La sal ha fascinado al hombre desde hace miles de años y no solo ha sido atesorada y obtenida como muchísimo esfuerzo, sino que también siempre ha estado dotada de simbolismo y carga poética. La sal corroe y preserva; sirve para disecar pero es obtenida del agua; en bajas cantidades fertiliza la tierra, pero mucho la esteriliza. Nosotros somos salados como nuestras lágrimas y en la boca tenemos saliva (siga adivinando) que es tan salada como nuestra transpiración. Será, tal vez, porque venimos del mar.
Así, no hay en el mundo un cocinero que no se pregunte en cada plato que prepara si está bien de sal. El derroche de sabores que provoca una sazón juiciosa, hace que todos los ingredientes se hermanen. También gracias a la simpleza de la sal podemos partir una palta por la mitad y cucharearla con gusto a cualquier hora del día, darle ánimo al huevo duro, convertir el pasto en ensalada, sacarle el agua a los zapallos italianos y dotar de recuerdos imborrables a un plato de papas fritas.
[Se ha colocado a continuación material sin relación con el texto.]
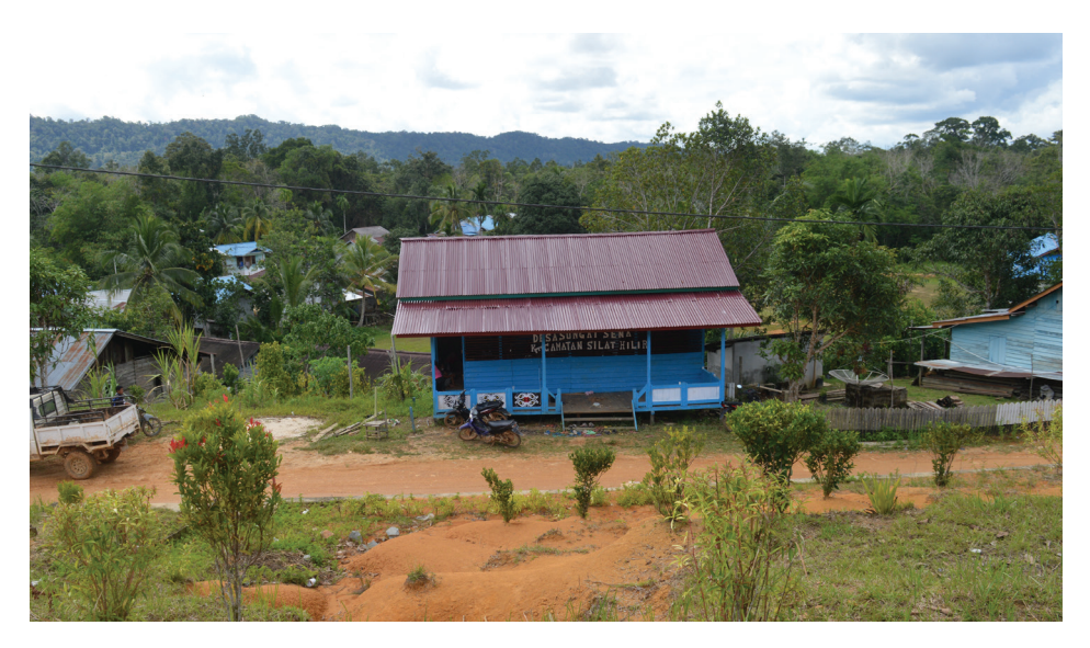
Training Centre and gallery in Sungai Canggai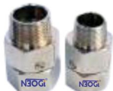
Swivel Joint 50 & 40 mm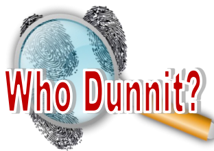
Mysteries and Clues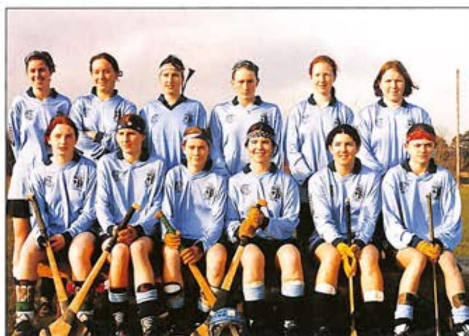
SENIOR FINALISTS - St. Mary's, Charleville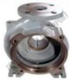
Cast Iron Pump Housing

Hay cocineros con buena sazón y otros con los que no hay caso. Por más que se le intente explicar a algunas personas, nunca llegan a salar bien la comida. Tal vez son gente fría de la montaña, o peor, fantoches que intentan salar deliberadamente menos en nombre de la elegancia dietética. Ellos omiten de la música de la cocina la indispensable línea de bajo sobre la que todos los demás sabores y olores forman sus armonías: la sal de la tierra.
Al año siguiente de la Marcha de la Sal (que está muy bien recreada en la película) Lord Irwin, Virrey de la India, hizo un pacto con Gandhi. Se podría recolectar sal del mar solo para uso personal. El inglés celebró levantando su taza de té. Pero Gandhi, que además de ser un gran líder sabía lo que era bueno, simple y fundamental, pidió una limonada con una pizca de sal. Algo es algo.
En días de calor son salvadoras las ensaladas. Uno de las verduras que más se benefician de la sal son las endivias, que al recibir la ducha de granos salados varios sabores aparecen, que sin sal quedan ocultos en su amargor natural.
6 endivias medianas
100 g de nueces
1 durazno pelado en rodajas muy delgadas
1 taza de berros sin tallo
200 g de roquefort u otro queso azul
150 ml de leche
1 cucharadita de mostaza dijon
1 huevo duro
200ml de aceite de oliva
el jugo de un limón
Sal y pimienta
Para hacer el aliño. Ponga la leche y el queso en una olla y cocine a fuego bajo por unos 12 minutos. Una vez lista la mezcla, déjela enfriar y póngala en una licuadora. Mezcle hasta que se forme un puré muy suave. A continuación y con la licuadora andando añada un poco de sal, la mostaza, el huevo y luego el aceite de oliva, lentamente. Finalmente agregue el jugo de limón.